◆ What the task requires ◆
Up to and including the line that holds "In occasione della", print the data exactly from its first line; do not print the pictures.

◆ Data provided ◆

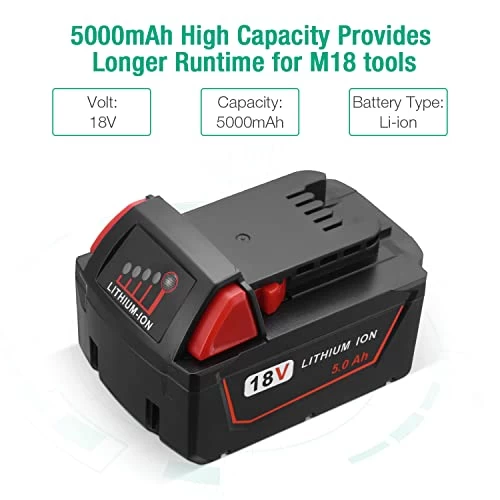 Replacement M18 battery and charger kit. Compatible with all MILWAUKEE M18 Battery and tools.
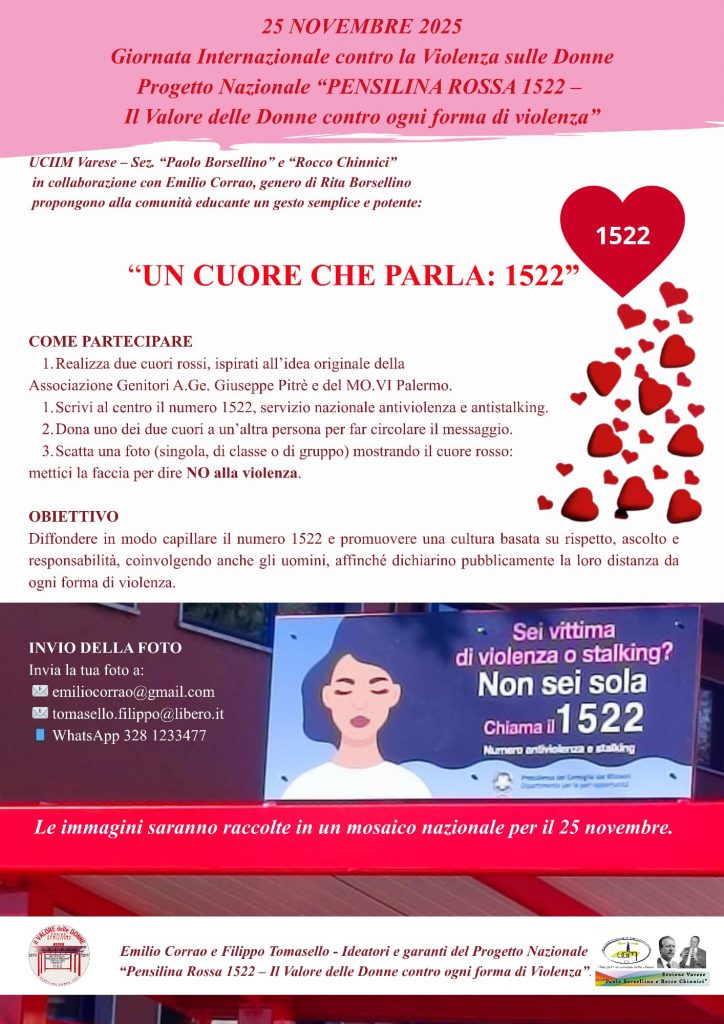 In occasione della Giornata internazionale contro la violenza sulle donne, prevista per il 25 novembre 2025, arriva da Varese un appello che sta già facendo il giro del Paese. A lanciarlo sono Emilio Corrao, palermitano, genero di Rita Borsellino, insieme alla sezione UCIIM “Paolo Borsellino e Rocco Chinnici”, promotori dell’iniziativa nazionale “Un cuore che parla: 1522”. Un invito rivolto a [coffice_banner slot="article_inline1"] dirigenti scolastici, docenti, studenti, famiglie e al personale di tutte le scuole italiane, affinché la comunità educante si riconosca unita in un gesto simbolico ma potentissimo: ricordare che il 1522 è un numero che può salvare una vita.
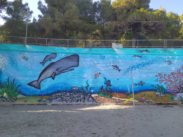 Percorrendo questa passeggiata panoramica, ombreggiata dai pini e vivacizzata dagli aloe in fiore, l’attenzione è colta da un muraglione che arriva in spiaggia completamente dipinto. Un murales bellissimo, che racconta la vita sottomarina ligure, con la sua fauna tipica, tra cui granchi, cavallucci marini, pesce azzurro, calamari e poi lui, uno dei frequentatori del Santuario dei Cetacei che si trova al centro del Mar Ligure: il capodoglio. Il tutto in un’ambientazione vivacissima, coloratissima, allegra, come allegro dev’essere stare “in fondo al mar“.
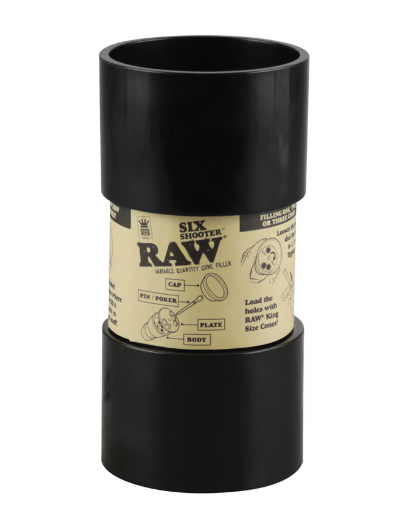 The RAW Six Shooter Kingsize Cone Filler is an easy to use manual handheld cone filler that allows you to fill from 1 to 6 cones at a time. The filler is made with a hard plastic construction that comes with easy to follow instructions. Come packaging in quality retail packaging. Available in Kingsize and 1 1/4" size options.

◆ Written solution ◆
 Replacement M18 battery and charger kit. Compatible with all MILWAUKEE M18 Battery and tools.
 In occasione della Giornata internazionale contro la violenza sulle donne, prevista per il 25 novembre 2025, arriva da Varese un appello che sta già facendo il giro del Paese. A lanciarlo sono Emilio Corrao, palermitano, genero di Rita Borsellino, insieme alla sezione UCIIM “Paolo Borsellino e Rocco Chinnici”, promotori dell’iniziativa nazionale “Un cuore che parla: 1522”. Un invito rivolto a [coffice_banner slot="article_inline1"] dirigenti scolastici, docenti, studenti, famiglie e al personale di tutte le scuole italiane, affinché la comunità educante si riconosca unita in un gesto simbolico ma potentissimo: ricordare che il 1522 è un numero che può salvare una vita.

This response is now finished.